- **WHAT YOU NEED TO DO**
Your copy should begin with the line containing "(学习成绩记录:课文学习、学习时长、单词学习、单词训练)", end with the line containing "سرویس پذیرایی ۲", match the listing below exactly, and contain no pictures.

- **ENTRIES PROVIDED**
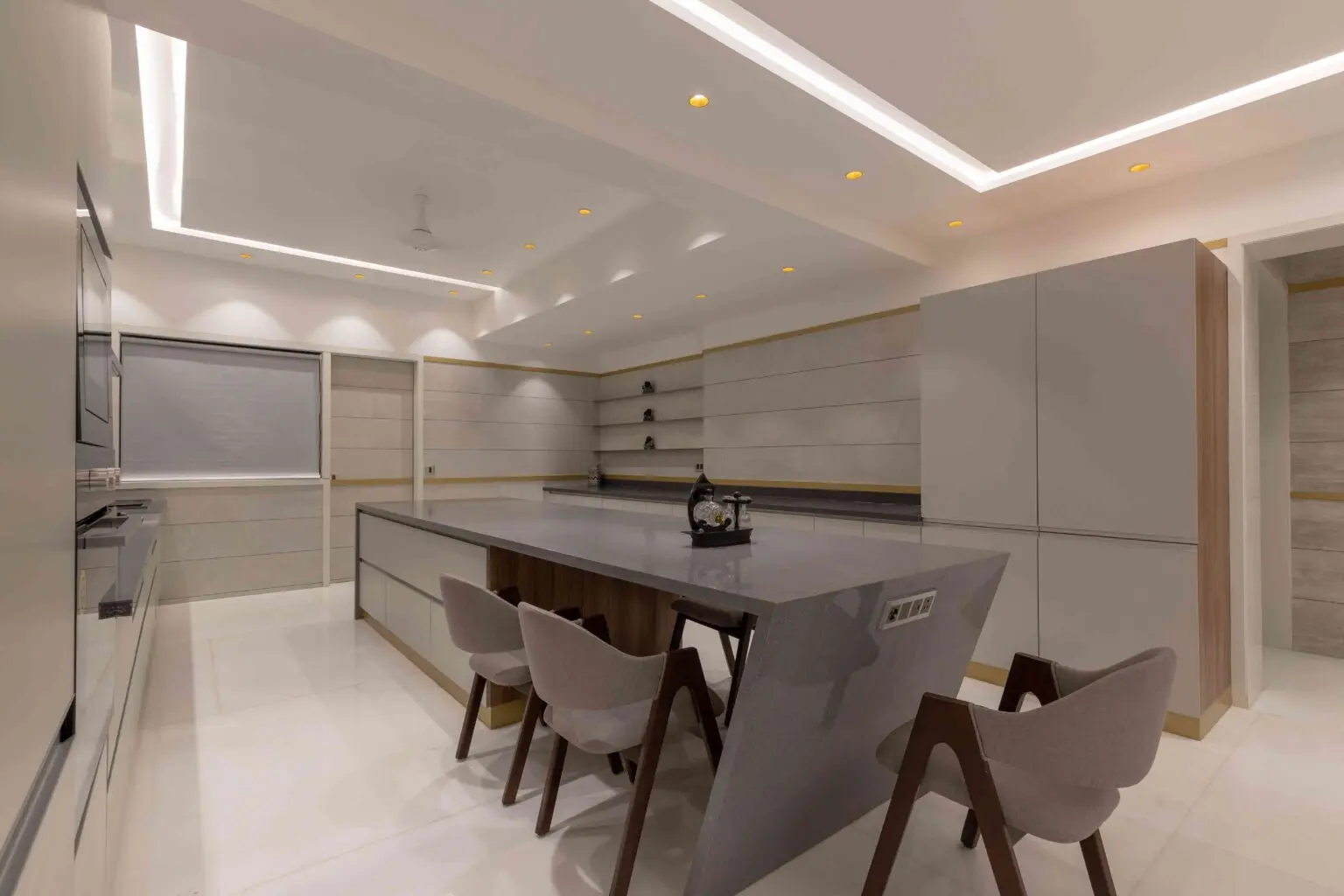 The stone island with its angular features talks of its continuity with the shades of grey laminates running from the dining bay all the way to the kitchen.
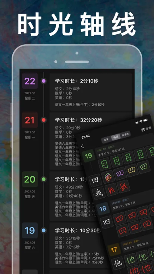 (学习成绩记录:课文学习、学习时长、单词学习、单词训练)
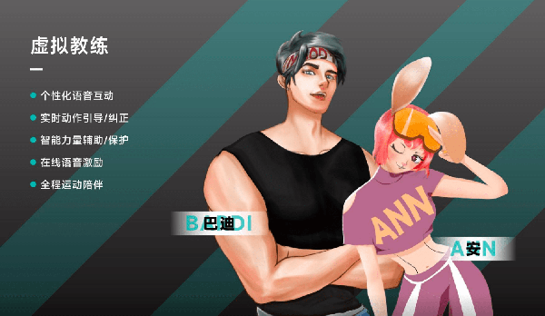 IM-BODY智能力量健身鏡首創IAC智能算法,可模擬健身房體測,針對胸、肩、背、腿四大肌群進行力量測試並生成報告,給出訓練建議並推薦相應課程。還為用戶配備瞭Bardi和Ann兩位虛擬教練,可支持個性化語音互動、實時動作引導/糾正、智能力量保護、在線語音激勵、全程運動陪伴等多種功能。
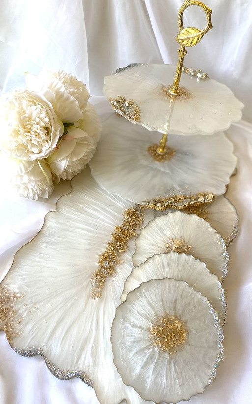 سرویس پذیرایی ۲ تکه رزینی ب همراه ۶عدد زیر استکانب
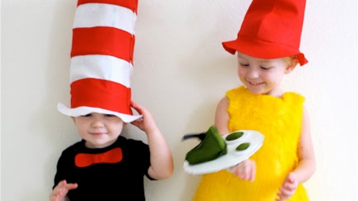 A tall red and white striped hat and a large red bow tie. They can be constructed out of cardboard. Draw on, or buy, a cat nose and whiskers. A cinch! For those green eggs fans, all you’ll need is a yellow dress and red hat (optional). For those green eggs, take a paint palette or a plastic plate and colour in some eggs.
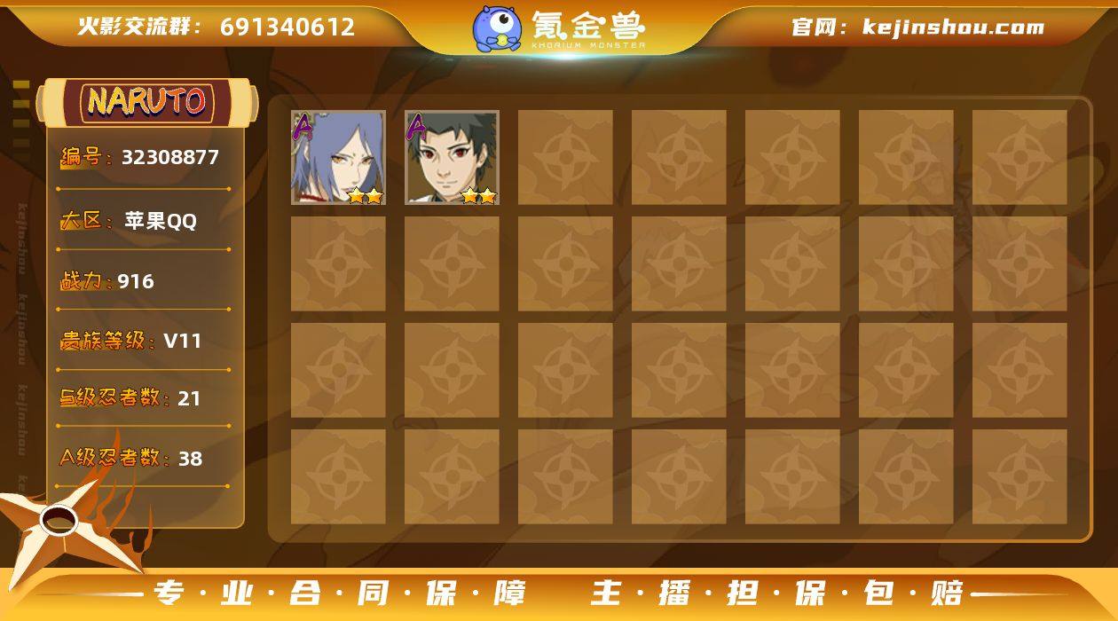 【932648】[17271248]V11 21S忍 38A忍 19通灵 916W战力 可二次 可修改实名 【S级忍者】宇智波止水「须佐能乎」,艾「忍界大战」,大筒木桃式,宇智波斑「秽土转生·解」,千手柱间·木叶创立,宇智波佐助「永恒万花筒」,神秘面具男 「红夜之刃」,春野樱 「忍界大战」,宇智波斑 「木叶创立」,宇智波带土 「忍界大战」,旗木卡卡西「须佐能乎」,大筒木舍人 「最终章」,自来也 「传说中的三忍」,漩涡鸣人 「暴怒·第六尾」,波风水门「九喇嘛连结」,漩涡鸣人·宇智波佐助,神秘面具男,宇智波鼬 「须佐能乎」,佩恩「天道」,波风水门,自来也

==

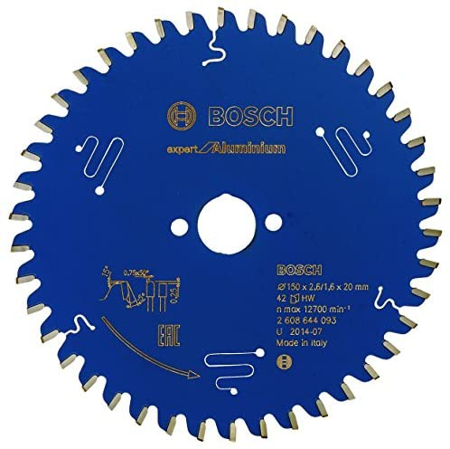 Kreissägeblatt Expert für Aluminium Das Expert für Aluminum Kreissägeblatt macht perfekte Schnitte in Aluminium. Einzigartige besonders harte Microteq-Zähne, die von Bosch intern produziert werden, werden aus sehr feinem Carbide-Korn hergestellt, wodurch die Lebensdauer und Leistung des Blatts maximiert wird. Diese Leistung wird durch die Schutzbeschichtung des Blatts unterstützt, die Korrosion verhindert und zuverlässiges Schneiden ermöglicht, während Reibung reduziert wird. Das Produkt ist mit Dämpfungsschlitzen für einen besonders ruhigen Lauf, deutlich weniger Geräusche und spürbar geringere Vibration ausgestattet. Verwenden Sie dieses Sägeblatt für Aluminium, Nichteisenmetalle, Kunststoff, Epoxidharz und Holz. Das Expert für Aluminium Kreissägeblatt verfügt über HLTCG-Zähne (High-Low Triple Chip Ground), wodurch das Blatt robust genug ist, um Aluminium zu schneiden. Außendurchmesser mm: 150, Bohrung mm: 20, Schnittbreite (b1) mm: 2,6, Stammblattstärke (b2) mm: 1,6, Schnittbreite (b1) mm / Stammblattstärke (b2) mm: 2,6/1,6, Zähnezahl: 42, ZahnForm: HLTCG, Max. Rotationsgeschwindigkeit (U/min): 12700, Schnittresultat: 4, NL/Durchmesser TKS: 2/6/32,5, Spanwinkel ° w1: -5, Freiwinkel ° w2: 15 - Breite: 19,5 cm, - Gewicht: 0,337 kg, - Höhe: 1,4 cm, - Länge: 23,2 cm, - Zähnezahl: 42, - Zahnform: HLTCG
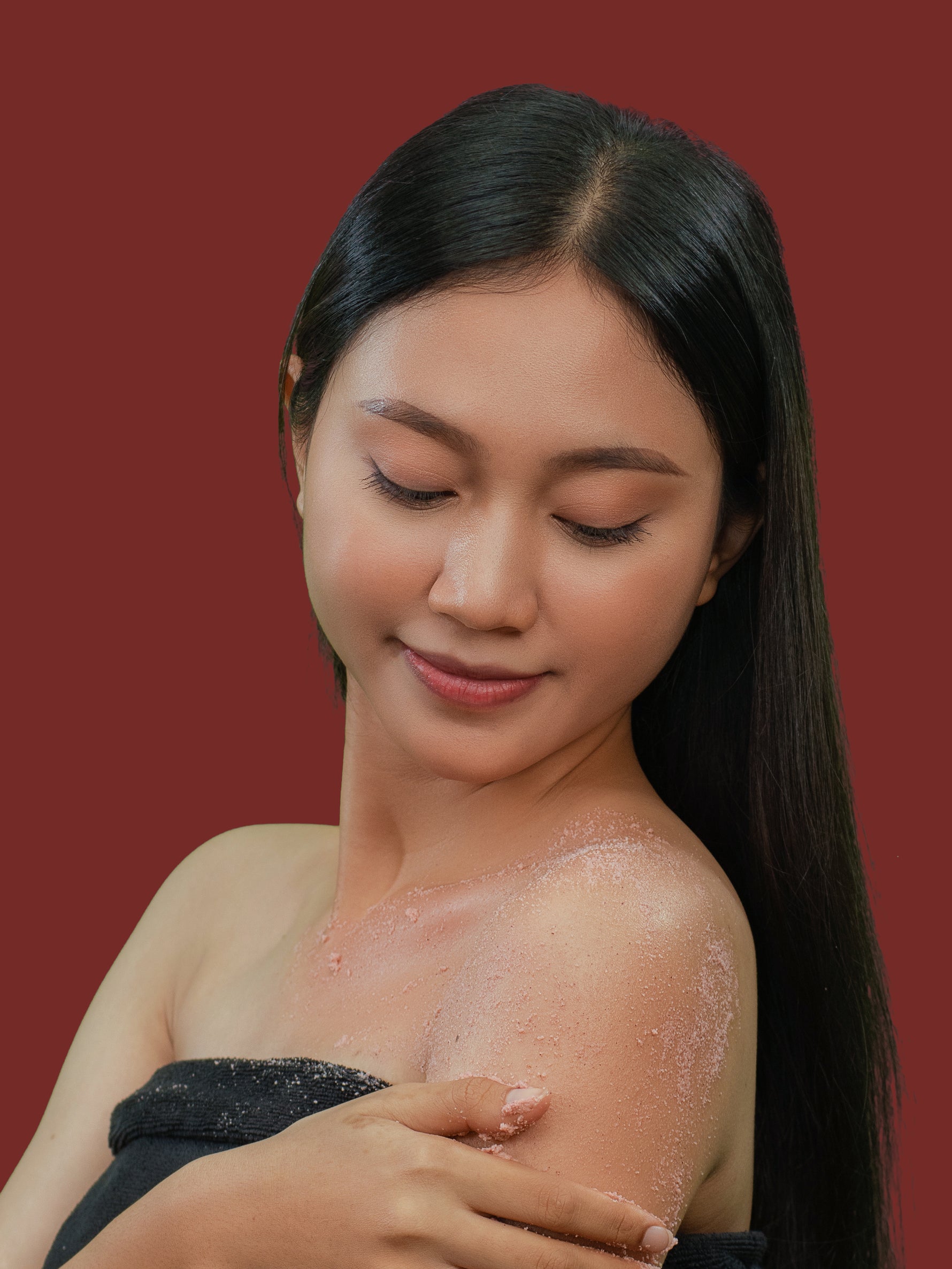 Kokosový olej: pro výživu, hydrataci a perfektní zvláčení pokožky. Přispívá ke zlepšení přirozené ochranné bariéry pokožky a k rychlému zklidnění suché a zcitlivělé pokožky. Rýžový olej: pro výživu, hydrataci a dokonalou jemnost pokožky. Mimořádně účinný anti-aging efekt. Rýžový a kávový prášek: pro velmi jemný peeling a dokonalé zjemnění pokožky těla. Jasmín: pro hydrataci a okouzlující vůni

...

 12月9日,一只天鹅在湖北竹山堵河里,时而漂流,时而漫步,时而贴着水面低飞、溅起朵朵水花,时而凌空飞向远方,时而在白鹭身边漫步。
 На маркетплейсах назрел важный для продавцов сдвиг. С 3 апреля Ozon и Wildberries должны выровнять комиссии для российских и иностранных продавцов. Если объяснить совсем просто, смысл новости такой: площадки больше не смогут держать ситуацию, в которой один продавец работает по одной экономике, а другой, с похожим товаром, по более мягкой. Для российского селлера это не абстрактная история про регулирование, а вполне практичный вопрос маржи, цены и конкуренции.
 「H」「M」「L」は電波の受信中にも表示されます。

- **ANSWER BELOW**
 (学习成绩记录:课文学习、学习时长、单词学习、单词训练)
 IM-BODY智能力量健身鏡首創IAC智能算法,可模擬健身房體測,針對胸、肩、背、腿四大肌群進行力量測試並生成報告,給出訓練建議並推薦相應課程。還為用戶配備瞭Bardi和Ann兩位虛擬教練,可支持個性化語音互動、實時動作引導/糾正、智能力量保護、在線語音激勵、全程運動陪伴等多種功能。
 سرویس پذیرایی ۲ تکه رزینی ب همراه ۶عدد زیر استکانب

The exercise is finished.